Hackers have worked swiftly to develop programs that can scrape hundreds of Zoom Meeting IDs every minute. Then, they go hunting for the most vulnerable meetings. Schools, church meetings, and even a student defending his doctoral thesis have been affected. The FBI has issued a warning about these challenges and Zoom has publicly apologized for their lapses in security.
What can you do about it? Businesses rely on successful video conferencing today to keep their teams connected, conduct meetings, and to continue to move the sales process forward as much as possible when the world is at a stand-still. Locking down your meetings with proper security protocols is the most important thing you need to do when video conferencing during COVID-19 and beyond. Here are a few steps you can take.
Use Alternate Platforms
Zoom is likely the biggest target because it is a free platform with an easy to use interface. It also has a few admitted security holes, placing it high on the list of easy to hack software. We recommend choosing an alternative, if possible. An upgraded version of Zoom with built-in, protected meeting rooms could be the answer. Teams, GoTo Meeting, or WebEx are your best alternatives. While more costly, these are more secure and protected programs.

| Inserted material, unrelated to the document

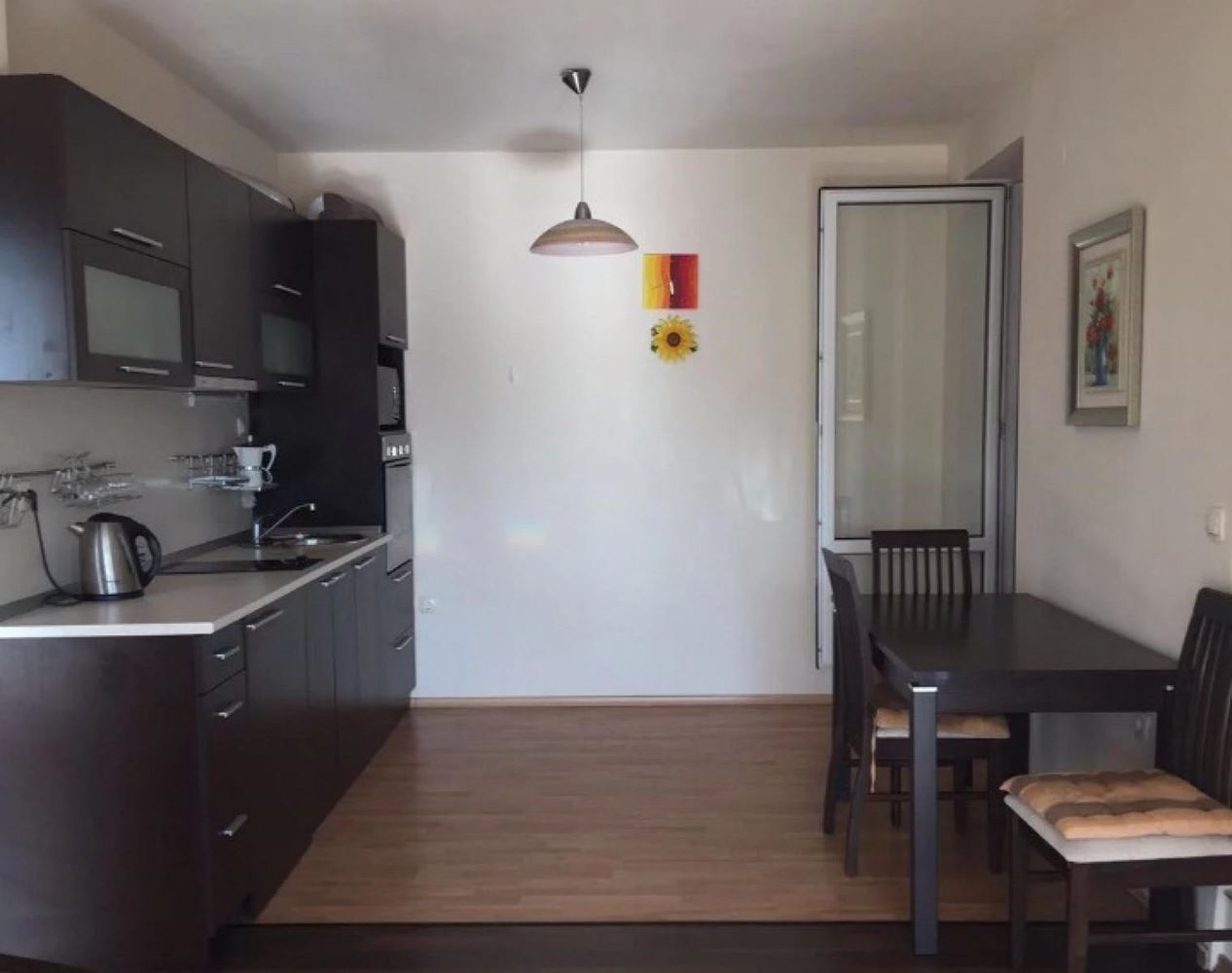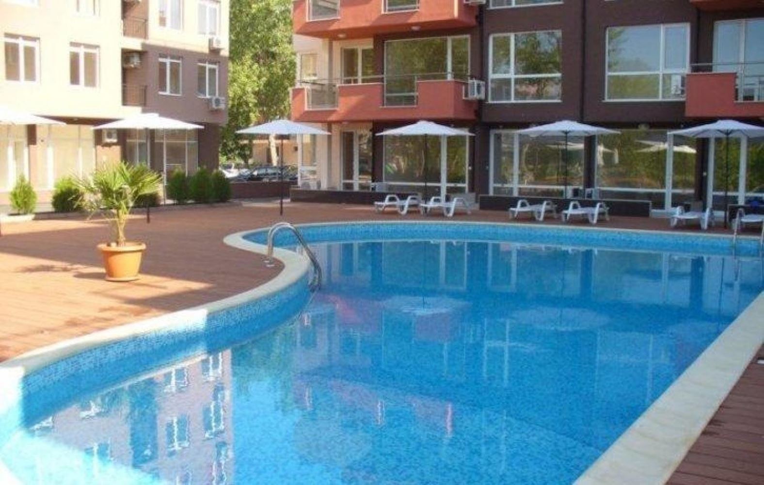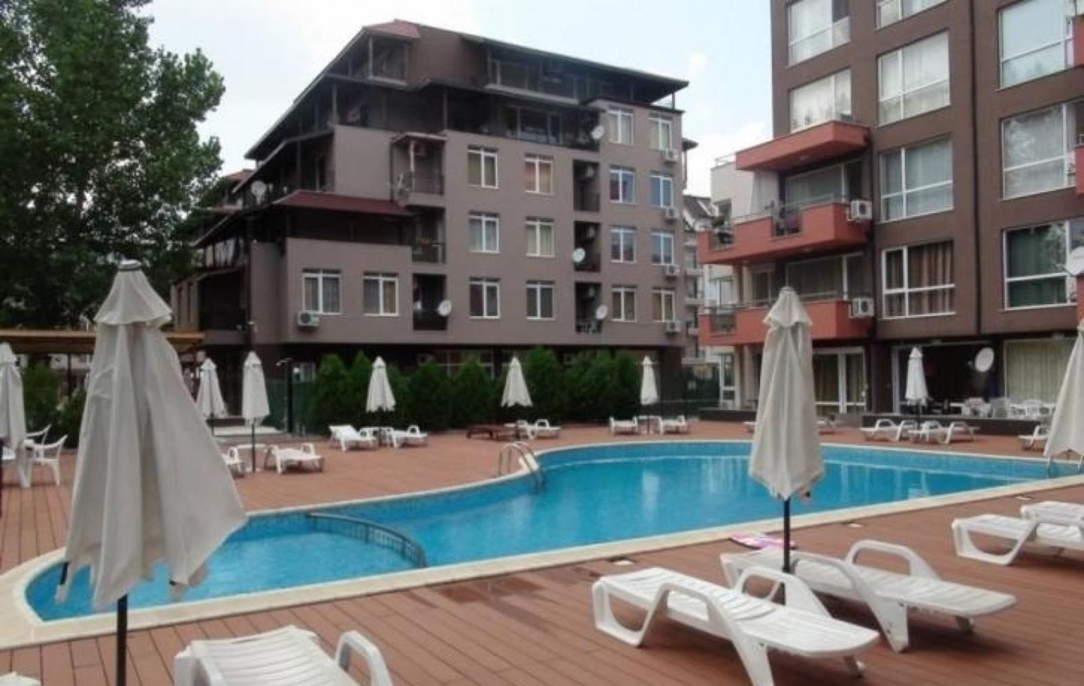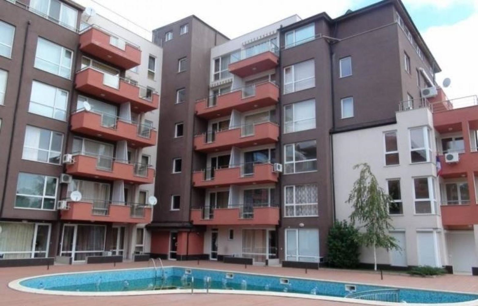 This two bedroom apartment in Sunny Beach is an ideal accommodation for those who dream of a comfortable life in a picturesque area near the river and the sea beach. The apartment is located in a residential complex that provides a variety of amenities and pleasant views. This apartment has spacious and bright rooms that allow you to create cozy and functional interiors. The modern layout ensures optimal utilization of space. The apartment offers a magnificent view of the swimming pool and the park. You can at any time enjoy the beauty of nature and relax looking at the picturesque scenery. The residential complex provides access to the swimming pool, which is ideal for relaxation and recreation on hot days. For families with children, there is a playground where the little ones can play and socialize. The security of the complex provides security and peace of mind for the residents, and the parking lot solves parking problems. The complex is in convenient proximity to the river and only 400 meters from the beach of Sunny Beach. This means that you can enjoy walks along the river or swim in the sea just a short walk away. In addition, all the necessary infrastructure such as stores, restaurants and cafes are in close proximity.

Lockdown Your Zoom Meetings
If you choose to utilize Zoom, make sure that you’re following a few important security protocols.
- Do not publish the meeting ID online. People do this to try to get a lot of audience participation in things like study groups or discussion platforms. This is just inviting a Zoombomber into your meeting. Instead, publish contact information to get the Meeting ID and login. Then, only provide the login to people that you know and trust.
- Secure meetings with a password. While it’s a little bit more challenging for people to enter, this extra step ensures that a nefarious player can’t gain access.
- Only allow one host. Some Zoombombers are getting in because the meeting is set to allow multiple hosts. That means they can actually start the meeting for you. Restrict your meetings to only one host.
- Lock down screen sharing. Only allow the host to screen share. You can pass this control as needed, but you shouldn’t just allow everyone to take control.
- Utilize the waiting room feature. This allows you to confirm people before they enter the meeting. Only allow those you know in.
- Use mute diligently. As the host, you have the ability to mute all participants. Know where that button is and prepare to use it should anything go awry.